* _The problem_
Give the data again exactly, without images.

* _Provided material_
————

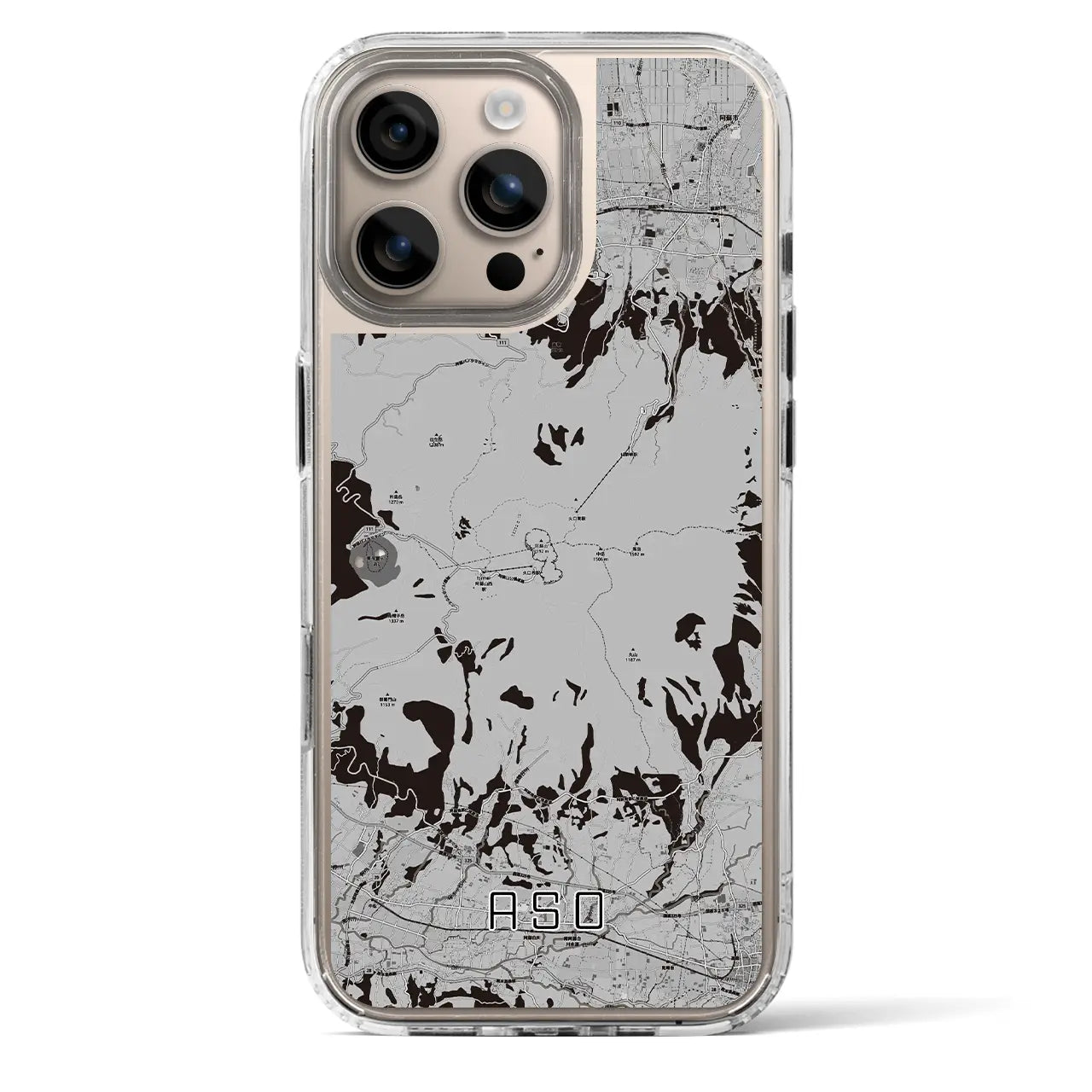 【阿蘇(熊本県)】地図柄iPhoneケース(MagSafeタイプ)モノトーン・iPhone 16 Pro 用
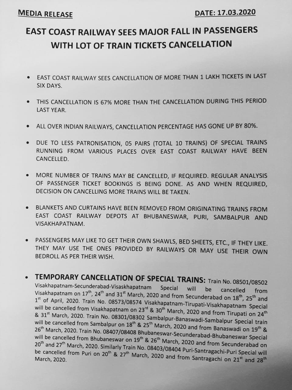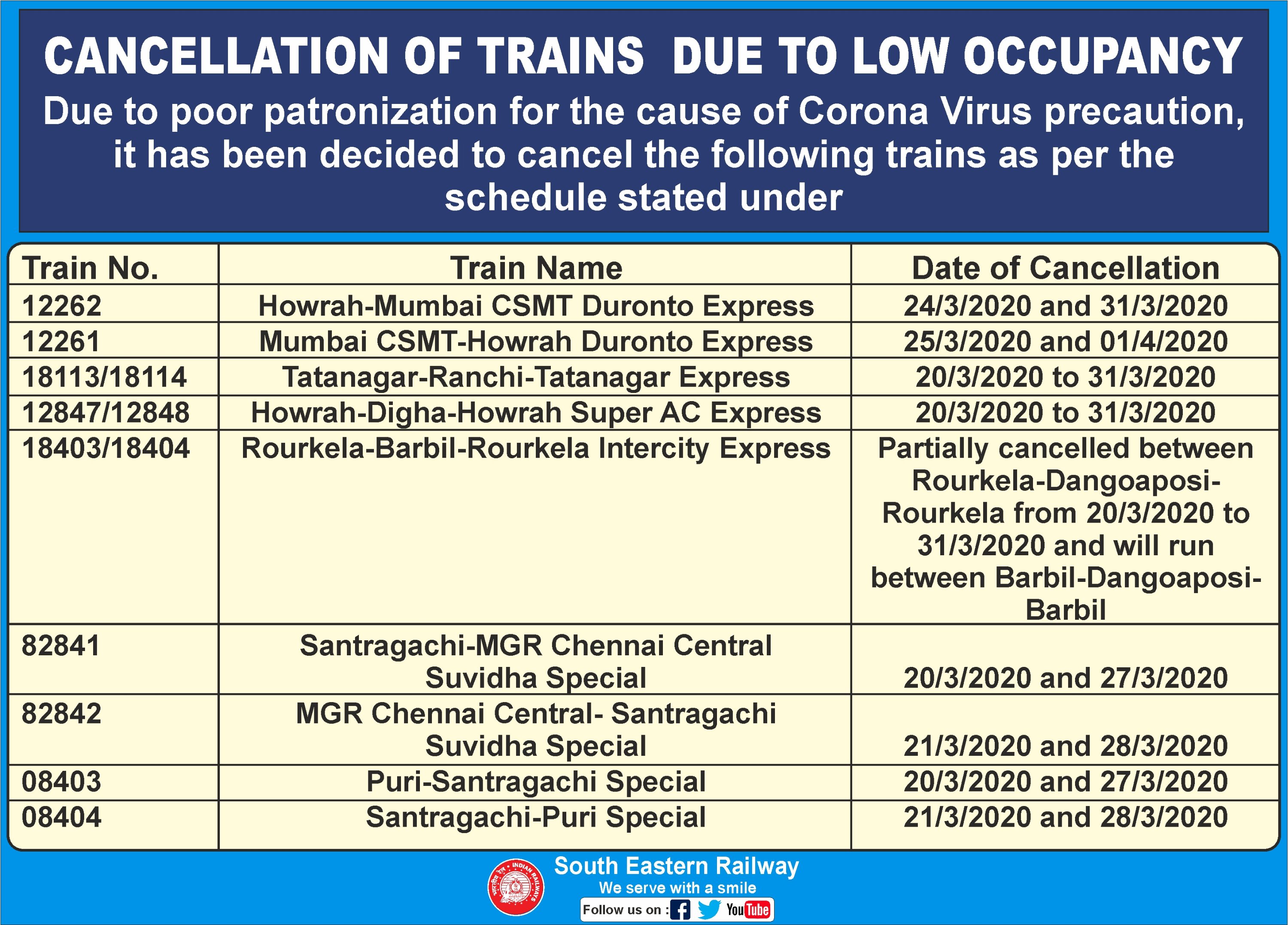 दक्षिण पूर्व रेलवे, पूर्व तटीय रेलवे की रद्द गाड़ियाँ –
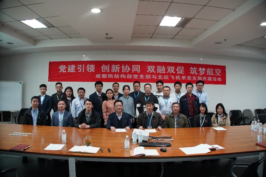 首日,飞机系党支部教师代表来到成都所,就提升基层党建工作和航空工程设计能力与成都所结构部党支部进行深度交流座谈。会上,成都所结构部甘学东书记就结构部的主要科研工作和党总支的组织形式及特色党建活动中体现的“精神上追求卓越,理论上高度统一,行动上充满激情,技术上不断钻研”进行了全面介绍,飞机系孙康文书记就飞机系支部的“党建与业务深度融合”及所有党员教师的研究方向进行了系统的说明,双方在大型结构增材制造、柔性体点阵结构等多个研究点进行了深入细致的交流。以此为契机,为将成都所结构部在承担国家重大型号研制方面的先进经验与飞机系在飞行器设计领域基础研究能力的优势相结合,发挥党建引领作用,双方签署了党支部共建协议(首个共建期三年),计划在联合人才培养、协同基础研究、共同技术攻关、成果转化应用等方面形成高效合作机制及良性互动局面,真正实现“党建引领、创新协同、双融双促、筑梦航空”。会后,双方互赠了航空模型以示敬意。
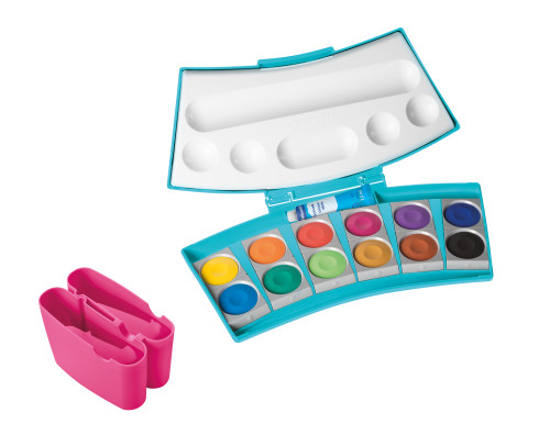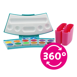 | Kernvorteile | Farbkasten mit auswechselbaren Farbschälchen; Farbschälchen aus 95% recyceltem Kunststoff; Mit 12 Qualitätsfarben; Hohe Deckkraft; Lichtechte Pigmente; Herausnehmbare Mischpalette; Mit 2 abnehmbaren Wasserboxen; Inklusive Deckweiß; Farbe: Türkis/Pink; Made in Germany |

————

* _Solution to this exercise_
 【阿蘇(熊本県)】地図柄iPhoneケース(MagSafeタイプ)モノトーン・iPhone 16 Pro 用
 दक्षिण पूर्व रेलवे, पूर्व तटीय रेलवे की रद्द गाड़ियाँ –
 首日,飞机系党支部教师代表来到成都所,就提升基层党建工作和航空工程设计能力与成都所结构部党支部进行深度交流座谈。会上,成都所结构部甘学东书记就结构部的主要科研工作和党总支的组织形式及特色党建活动中体现的“精神上追求卓越,理论上高度统一,行动上充满激情,技术上不断钻研”进行了全面介绍,飞机系孙康文书记就飞机系支部的“党建与业务深度融合”及所有党员教师的研究方向进行了系统的说明,双方在大型结构增材制造、柔性体点阵结构等多个研究点进行了深入细致的交流。以此为契机,为将成都所结构部在承担国家重大型号研制方面的先进经验与飞机系在飞行器设计领域基础研究能力的优势相结合,发挥党建引领作用,双方签署了党支部共建协议(首个共建期三年),计划在联合人才培养、协同基础研究、共同技术攻关、成果转化应用等方面形成高效合作机制及良性互动局面,真正实现“党建引领、创新协同、双融双促、筑梦航空”。会后,双方互赠了航空模型以示敬意。
 | Kernvorteile | Farbkasten mit auswechselbaren Farbschälchen; Farbschälchen aus 95% recyceltem Kunststoff; Mit 12 Qualitätsfarben; Hohe Deckkraft; Lichtechte Pigmente; Herausnehmbare Mischpalette; Mit 2 abnehmbaren Wasserboxen; Inklusive Deckweiß; Farbe: Türkis/Pink; Made in Germany |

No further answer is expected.